**Exercise objective**
Drop the pictures and repeat the remaining data exactly.

**Source material**
━━━━━━

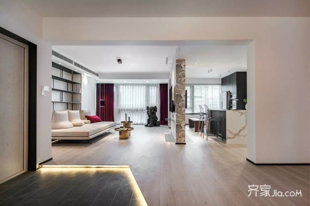 穿过玄关,便是开放的客厅、餐厨区域, 设计师没有用太多物理隔断去划分, 从颜色上就能一目了然。
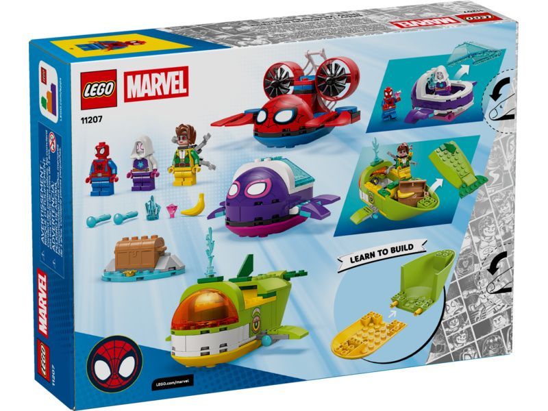 Nechybí trojice podmořských vozidel: Spideyho krabí ponorka s velkou pavučinovou pastí, želví ponorka Ghost-Spider s otevíracím průhledným krunýřem a velrybí ponorka Doktorky Ock s vystřelovači na ploutvích a úložným prostorem pro truhlu s pokladem. Stavebnice Spidey: Podmořská vozidla poslouží jako skvělý dárek k narozeninám pro fanoušky seriálu Spidey a jeho úžasní přátelé.
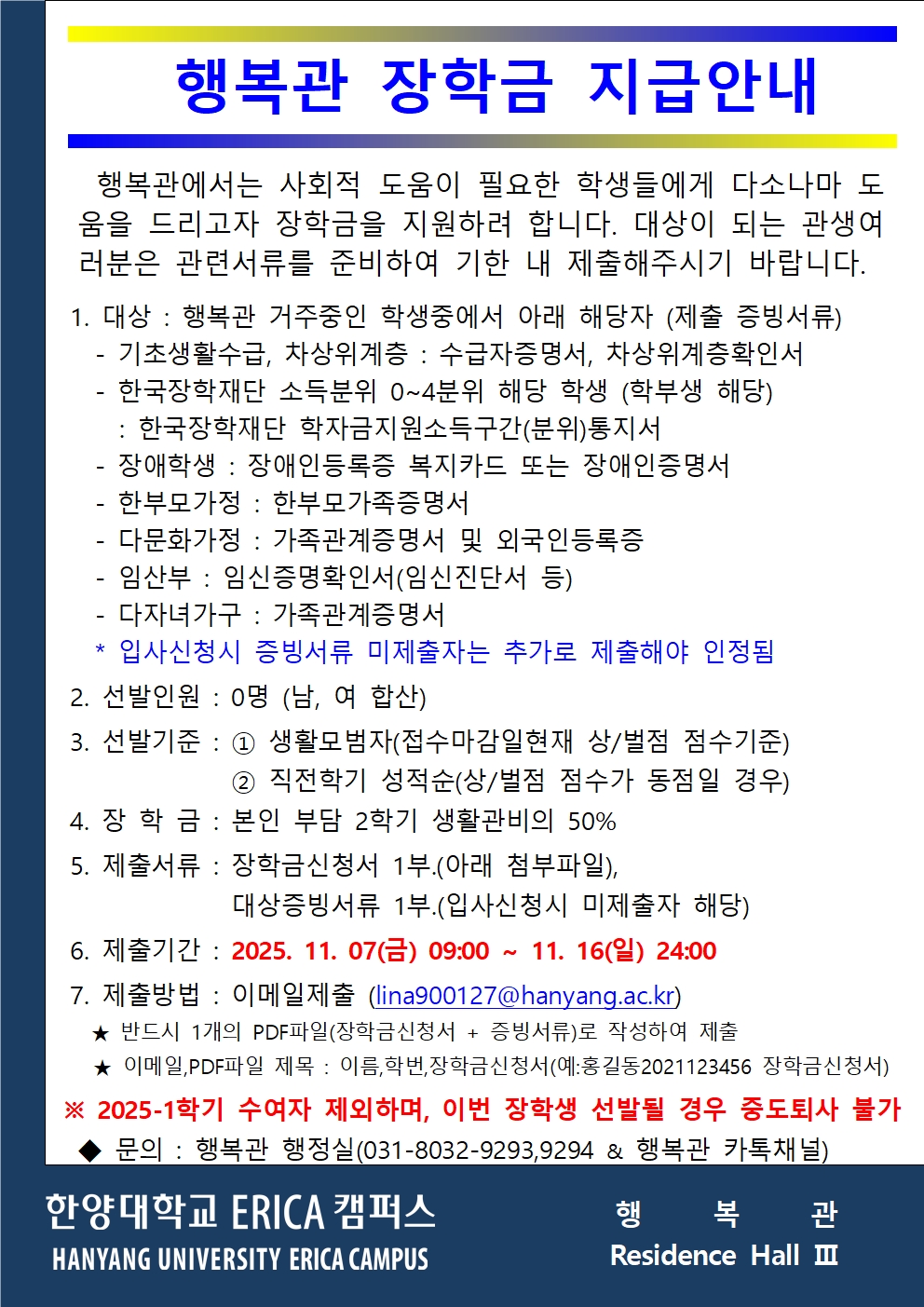 [행복관]2025학년 2학기 행복관 장학금 신청 안내

━━━━━━

**Response to the task**
 穿过玄关,便是开放的客厅、餐厨区域, 设计师没有用太多物理隔断去划分, 从颜色上就能一目了然。
 Nechybí trojice podmořských vozidel: Spideyho krabí ponorka s velkou pavučinovou pastí, želví ponorka Ghost-Spider s otevíracím průhledným krunýřem a velrybí ponorka Doktorky Ock s vystřelovači na ploutvích a úložným prostorem pro truhlu s pokladem. Stavebnice Spidey: Podmořská vozidla poslouží jako skvělý dárek k narozeninám pro fanoušky seriálu Spidey a jeho úžasní přátelé.
 [행복관]2025학년 2학기 행복관 장학금 신청 안내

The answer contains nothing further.